The second component is more involved, but can be elegantly solved using modular arithmetic. Note that if Rock = 0, Paper = 1, Scissor = 2 then we always have that choice ${k + 1 \bmod 3}$ beats $k$. Alternatively, $k$ beats ${k - 1}$, modulo 3:
If we divide the number of points that Advent of Code expects for a loss/draw/win by three we find that a loss is $0$, a draw is $1$ and a win is $2$ points. From these observations we can derive the following modular equivalence
$$1 + \mathrm{ours} - \mathrm{theirs} \equiv \mathrm{points} \pmod 3.$$
To see that it is correct, note that if we drew, ours - theirs
is zero and we
correctly get one point. If we add one to ours
we change from a draw to a
win, and points
becomes congruent with $2$ as desired. Symmetrically, if
we add one to theirs
we change from a draw to a loss, and points
once
again becomes congruent with $0$ as desired.

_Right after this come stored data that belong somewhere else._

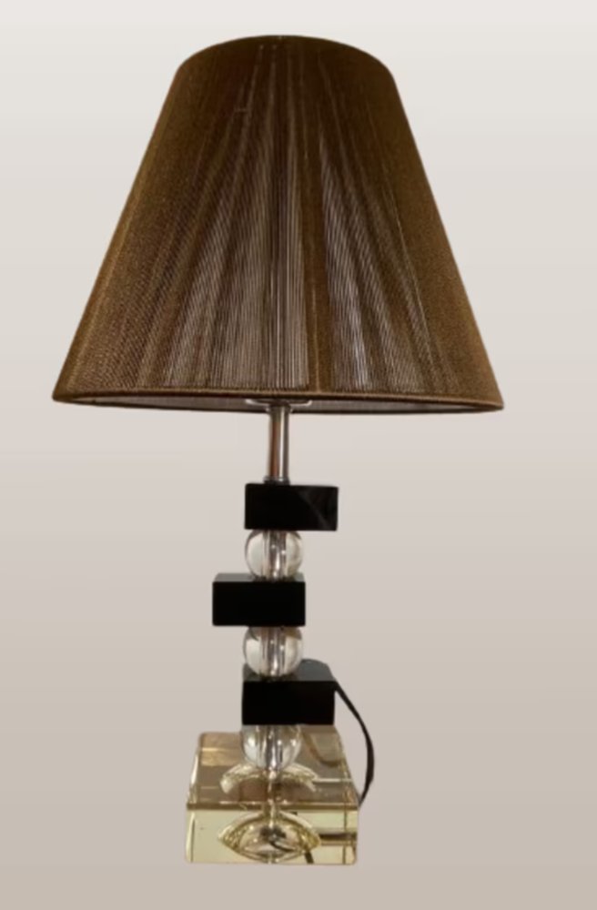 Introducing the Lead Crystal Cubes and Spheres Table Lamp with Linen Thread Shade Finished in Silk Touch, an impressive piece crafted with meticulous attention to detail. Designed with lead crystal alternating transparent spheres and black cubes, this unique lamp embodies the timeless elegance of Vintage design from the 2000s. The glassware used in its construction presents a cubist effect, adding an artistic touch to any space. A minimalist wonder, this lamp blends into any corner of the house.
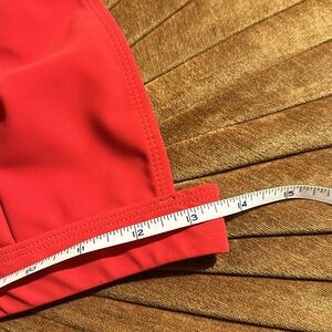 Zimmermann Red Bikini, featuring plunging trip top and high-waisted bottoms with adjustable side ties. 72% Polyamide (Nylon), 28% Elastane (Spandex). Zimmerman size 3 = US 8-10, UK 14, AU 14, IT 46, FR 42. Used in excellent condition. No signs or wear or use.
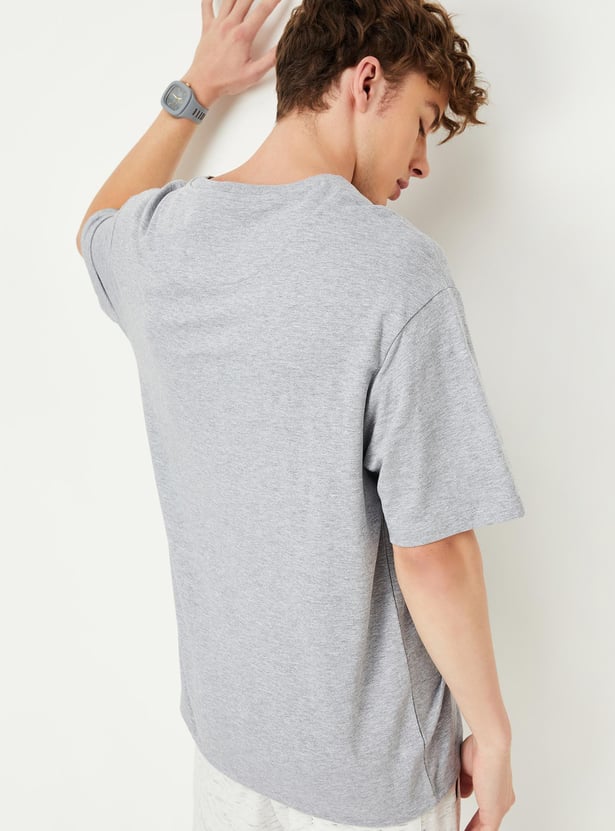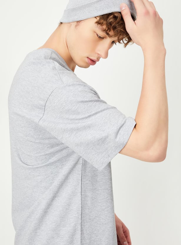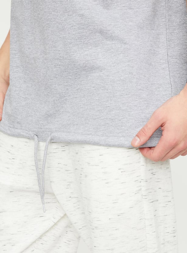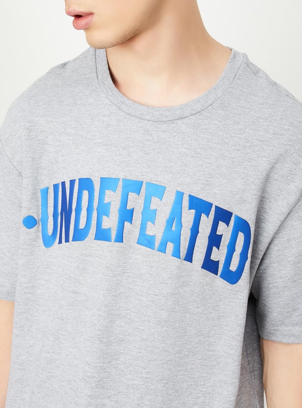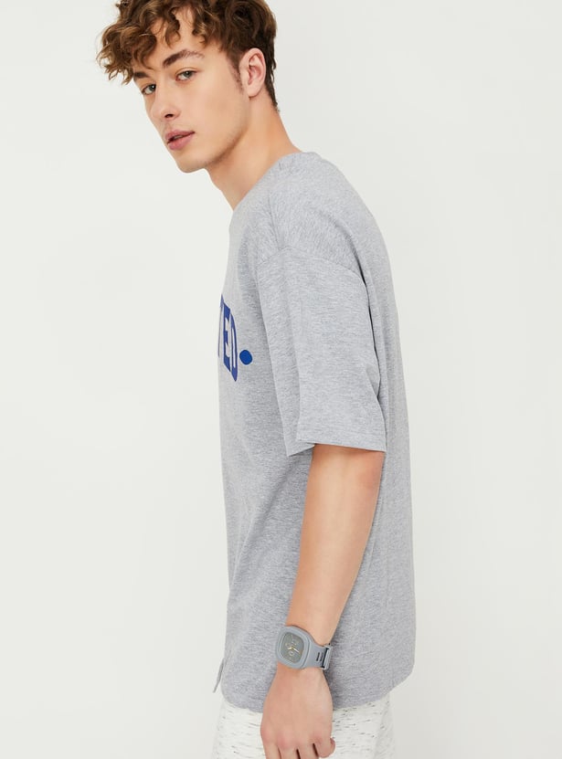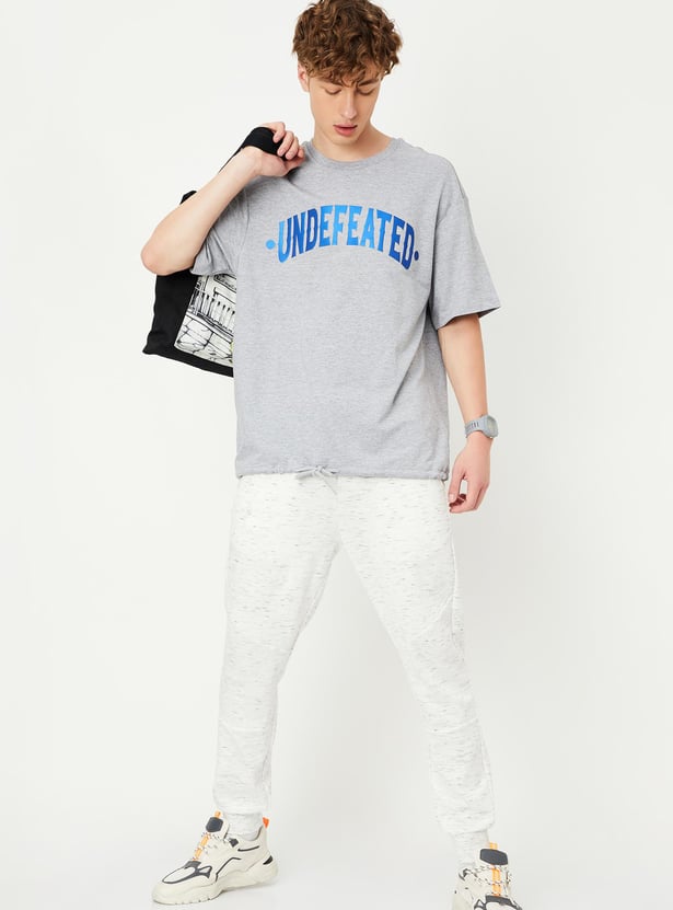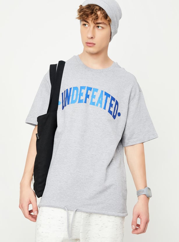 Achieve a stylish appearance with this oversized typography print t-shirt. It features half sleeves, a crew neck, and a drawstring at the hem, adding a trendy touch to your look. Create a comfortable and casual weekend outfit by pairing it with jeans and sneakers.

Translated into code we find that our total score is
1 + ours + 3 * ((1 + ours + (3 - theirs)) % 3)
A general solution
We found a neat closed form, but if we were even slightly less fortunate it might not have existed. A more general method for solving similar problems would be nice. In this particular instance that is possible. There are only $3 \times 3 = 9$ input pairs, so we can simply hardcode the answer for each situation:
let answers = HashMap::from([
("A X", 4),
("A Y", 8),
("A Z", 3),
("B X", 1),
("B Y", 5),
("B Z", 9),
("C X", 7),
("C Y", 2),
("C Z", 6),
]);
Now we can simply get our answer using answers[input]
. This might feel as a
bit of a non-answer, but it is a legitimate technique. We have a mapping
of inputs to outputs, and sometimes the simplest or fastest (in either
programmer time or execution time) solution is to write it out explicitly and
completely rather than compute the answer at runtime with an algorithm.
Perfect hash functions
The above solution works fine, but it pays a cost for its genericity. It uses a full-fledged string hash algorithm, and lookups involve the full codepath for hash table lookups (most notably hash collision resolution).
We can drop the genericity for a significant boost in speed if we were to use a perfect hash function. A perfect hash function is a specially constructed hash function on some set $S$ of values such that each value in the set maps to a different hash output, without collisions. It is important to note that we only care about its behavior for inputs in the set $S$, with a complete disregard for other inputs.
A minimal perfect hash function is one that also maps the inputs to a dense range of integers $[0, 1, \dots, |S|-1]$. This can be very useful because you can then directly use the hash function output to index a lookup table. This effectively creates a hash table that maps set $S$ to anything you want. However, strict minimality is not necessary for this as long as you are okay with wasting some of the space in your lookup table.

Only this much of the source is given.